Her three 1948 St. Bede’s Lectures at St. Thomas Church, New York City, had for their common theme “The Christian in Society.” Several points from these lectures stand out:

  • Drawing on the teachings of Aristotle and Thomas Aquinas, as well as her Anglican contemporaries William Temple and V. A. Demant, Perkins recognized politics as an essential and permanent feature of human society on earth. Where the choice lay was in the character of politics and politicians. 

  • She did not believe in forming a Christian bloc or party in politics. Christians may pray together and look at issues in the light of moral law, and then vote in a variety of ways. She held that this was because their different life experiences led them to see issues differently from each other.

  • She was emphatic that Christians had a duty to engage in politics. “The withdrawal of Christian people of high purpose and great nobility of mind and heart—the withdrawal of people like that from political life—has been a terrible loss not only to the world, but particularly to our form and organization of government and society.” (p. 110)

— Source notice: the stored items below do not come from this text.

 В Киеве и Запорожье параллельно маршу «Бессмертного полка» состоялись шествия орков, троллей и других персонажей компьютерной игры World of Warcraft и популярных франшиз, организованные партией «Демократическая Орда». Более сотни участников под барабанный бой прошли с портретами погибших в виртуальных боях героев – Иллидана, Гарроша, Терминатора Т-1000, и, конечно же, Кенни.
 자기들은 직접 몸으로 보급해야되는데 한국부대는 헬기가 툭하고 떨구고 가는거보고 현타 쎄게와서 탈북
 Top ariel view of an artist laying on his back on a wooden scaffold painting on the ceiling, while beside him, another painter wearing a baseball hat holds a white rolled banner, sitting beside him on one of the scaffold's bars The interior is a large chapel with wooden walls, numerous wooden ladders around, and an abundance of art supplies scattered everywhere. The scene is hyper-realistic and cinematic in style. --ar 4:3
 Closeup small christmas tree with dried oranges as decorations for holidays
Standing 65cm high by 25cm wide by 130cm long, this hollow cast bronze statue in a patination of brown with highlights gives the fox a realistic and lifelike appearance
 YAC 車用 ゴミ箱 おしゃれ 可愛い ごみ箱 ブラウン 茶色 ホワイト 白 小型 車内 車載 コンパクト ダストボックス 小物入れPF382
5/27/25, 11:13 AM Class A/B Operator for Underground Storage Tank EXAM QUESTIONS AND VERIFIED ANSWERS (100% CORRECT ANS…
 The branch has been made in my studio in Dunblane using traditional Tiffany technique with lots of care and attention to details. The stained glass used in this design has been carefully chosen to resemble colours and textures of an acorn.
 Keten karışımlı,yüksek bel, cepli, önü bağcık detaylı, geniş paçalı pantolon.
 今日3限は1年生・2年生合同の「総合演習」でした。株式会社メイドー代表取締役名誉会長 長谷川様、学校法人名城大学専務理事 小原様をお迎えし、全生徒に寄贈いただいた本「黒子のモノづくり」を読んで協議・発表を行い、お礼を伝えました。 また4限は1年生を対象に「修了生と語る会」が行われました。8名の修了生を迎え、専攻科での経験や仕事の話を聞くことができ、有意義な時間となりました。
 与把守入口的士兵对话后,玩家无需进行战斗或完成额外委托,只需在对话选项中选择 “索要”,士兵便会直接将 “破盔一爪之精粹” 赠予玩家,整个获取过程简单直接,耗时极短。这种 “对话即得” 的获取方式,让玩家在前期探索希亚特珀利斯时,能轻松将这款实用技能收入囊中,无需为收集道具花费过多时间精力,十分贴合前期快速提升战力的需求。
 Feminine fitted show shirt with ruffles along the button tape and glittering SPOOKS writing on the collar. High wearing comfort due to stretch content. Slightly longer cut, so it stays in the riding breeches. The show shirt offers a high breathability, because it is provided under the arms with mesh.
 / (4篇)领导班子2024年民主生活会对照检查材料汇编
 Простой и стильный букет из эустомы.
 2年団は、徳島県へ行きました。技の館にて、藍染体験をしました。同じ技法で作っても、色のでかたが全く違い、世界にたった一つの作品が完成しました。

  • She had seen enough partisans arrive in Washington offering simplistic solutions to complex problems that she preferred for people to begin their engagement with public affairs at a local level to gain some experience and success before tackling national concerns.

  • While respectful of science, especially actuarial science, Perkins had little respect for the rigid economics of her time. “I mean there is a lot of talk today about the economic law. You’d suppose it was some terrible overpowering thing that had nothing to do with Man, and Man was just a pawn in the field, which, of course, is not true.” (page 114) She insisted that the economy was made for people, not people for the economy.

The experience and viewpoints of Frances Perkins are a heritage for the church just as her New Deal reforms belong to the nation’s heritage. Christians can recognize conversion to the world as one of many forms of conversion. Those converted to the world can contribute to raising the moral and spiritual tone of politics. Economics is a malleable field of endeavor, and can be healthy only when it is directed by ethics to serve the common good.

How Frances Perkins summarized her role in the nation’s capital provides a standard for the assessment of many sorts of careers, especially in public service: “I came to Washington to work for God, FDR, and millions of forgotten, plain, common working men.”

The Rev. Charles Hoffacker (’82) is a priest of the Episcopal Diocese of Washington who lives in Greenbelt, Maryland. He served as a campus minister, rector of three parishes, and interim in five congregations, as well as a convocation dean, General Convention deputy, and reader of the General Ordination Examinations. Now enjoying retirement, he ministers in various ways, including as a writer, independent scholar, activist, and board member of the Frances Perkins Center.